Further, the multi-headed cross-attention module between signals includes the operations of:

b1, calculating an incidence matrix Z of a matrix representation A 'of the first respiration signal and a matrix representation B' of the second respiration signal according to a multi-head cross attention mechanism _ab ：

Q＝A′,K＝V＝B′

h _j ＝Attention(QW _j ^Q ,KW _j ^K ,VW _j ^V )
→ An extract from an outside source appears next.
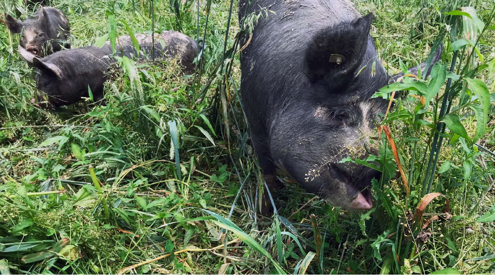
To enrich the sows' and piglets' diets, the farmer sows rye into the pasture.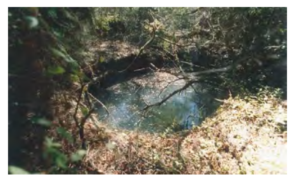
Figure 15-1: Te Korokoro A Te Poinga in 2000.

Description: A hot, clear spring about 2 m in diameter, found in the bush downstream of the Tokaanu domain, close to the Atakorereke Stream. The spring has sinter

Wherein Q is the matrix representation of the query signal, K is the matrix representation of the relationship between the queried signal and the query signal, V is the matrix representation of the queried signal, d _k Is the dimension of the relationship matrix K; w (W) _j ^Q ,W _j ^K ,W _j ^V Respectively randomly initializing parameter matrixes h _j A j-th single-head cross attention representation; m is the number of heads in the multi-head cross-attention mechanism;

b2, matrix representation A' of the first respiration signal and the correlation matrix Z _ab Adding, performing layer normalization, inputting into a full-connection layer, and performing layer normalization to obtain Cross signal matrix representation Cross _ab ：

Cross _ab ＝LayerNorm(FC(LayerNorm(A′+Z _ab )))

B3, exchanging inquiry signals and inquired signals, and calculating an association matrix Z of matrix representation B 'of the second respiration signals and matrix representation A' of the first respiration signals according to a multi-head cross attention mechanism _ba ：

Q＝B′,K＝V＝A′

h _j ＝Attention(QW _j ^Q ,KW _j ^K ,VW _j ^V )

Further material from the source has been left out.